Cool Britannia (sort of): the British thread 2019



  • PuzzlerPuzzler Shipmate
    Not drunk or drowning, as such, but on one trip, with the church youth group, an inexperienced person at the tiller managed to get the boat stuck on the sill at the back of a lock. As the water level dropped, the boat was at quite a sharp angle.
    I was out helping with the locks, and my baby son was in a carrycot in the cabin. Fortunately disaster was quickly averted by raising the water level.
    One of the group said she didn’t know what to do with the baby and wondered whether she should throw him out. So glad she didn’t!
  • A nasty situation - it's not unknown for boats to be completely sunk within a lock!
  • !!! I had no idea that was possible. What an informative thread.
  • In other news, we've actually put the heating on for an hour as I was frozen. On the other hand, our bedroom window is cracked open as I sleep better in cool environment.
  • FirenzeFirenze Shipmate, Host Emeritus
    The late Frank Muir wrote that the great advantage of narrow-boat holidays, which he loved,

    I remember him telling one of the stories on My Word involving a canal holiday. The premise was that, having gone for some shopping, he found himself on the opposite bank to his boat. His first thought was to dig a hole in the bank to let the water out. His second, to swim across, like the legendary Greek lover braving the Hellespont. Neither idea works out. (For overseas listeners, this was a gentle kind of literary quiz, on which the two captains had to provide an explanation 'of a well-known phrase or saying' - cue absurd, meandering narrative). So: Neither a burrower nor a Leander be
  • PigletPiglet All Saints Host, Circus Host
    edited August 2019
    No canal-boats for me - the only sailing I've done was on the ferry to Orkney and back.

    The wedding went off very nicely; the ceremony was secular (Humanist) and rather boring - the officiant read a very long account of the bride and groom's courtship, which I thought was rather unnecessary. However, our new great-nephew made his opinion known by letting out a fart of Biblical proportions, causing mass hysterics in everyone close enough to hear it. As my sister put it, "my daughter is the only bride to be upstaged by a farting baby".

    Quick exit stage left ... :mrgreen:

    After the ceremony they just kept plying us with food and drink: v. nice canapes and an excellent meal, and I must have sunk enough Prosecco to float a battleship. :blush:

    Each table was adorned with a bottle of a different sort of GIN and all the ice, fruit, tonic and accoutrements to go with it, encouraging people to go round other tables and try the different sorts.
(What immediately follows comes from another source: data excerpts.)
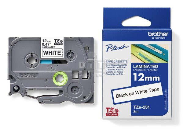 12 mm széles, 8 m hosszú, fehér alapon fekete betűs, öntapadós címkeszalag laminált tartós feliratok nyomtatásához.
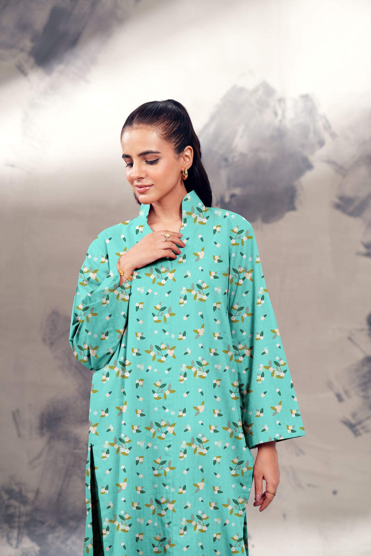 Elevate your style with our sea blue floral khaddar 2 PC with elegant design.
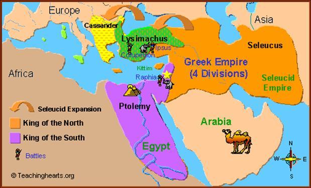 이 표범이 지닌 네 머리는 세 번째 나라인 그리스가 4분 될 것을 가리키는 것인데, 역사적으로 그리스는 알렉산더 사후에 부하 장군들의 세력 다툼으로 전 국토가 정확히 넷으로 분할되고 말았다. 다음은 그 네 장수가 차지한 영토들이다.

Our GIN came from the Deerness Distillery in Orkney, and was very nice indeed.

    The following couple of days was occupied with catching up with various friends who live at this end of Scotland, and we're heading back over the Pond early tomorrow morning.
  • BoogieBoogie Shipmate
    We are back home from a wet walking holiday in the Yorkshire Dales, very little Internet but a nice few walks in beautiful countryside. Amazing pub food!

    We still have our visitors until Sunday. Fish pie for tea (evening meal) tonight.

  • FirenzeFirenze Shipmate, Host Emeritus
    Just yesterday I noticed that change in the air that betokens the change of season (confirmed by the CH coming on this morning).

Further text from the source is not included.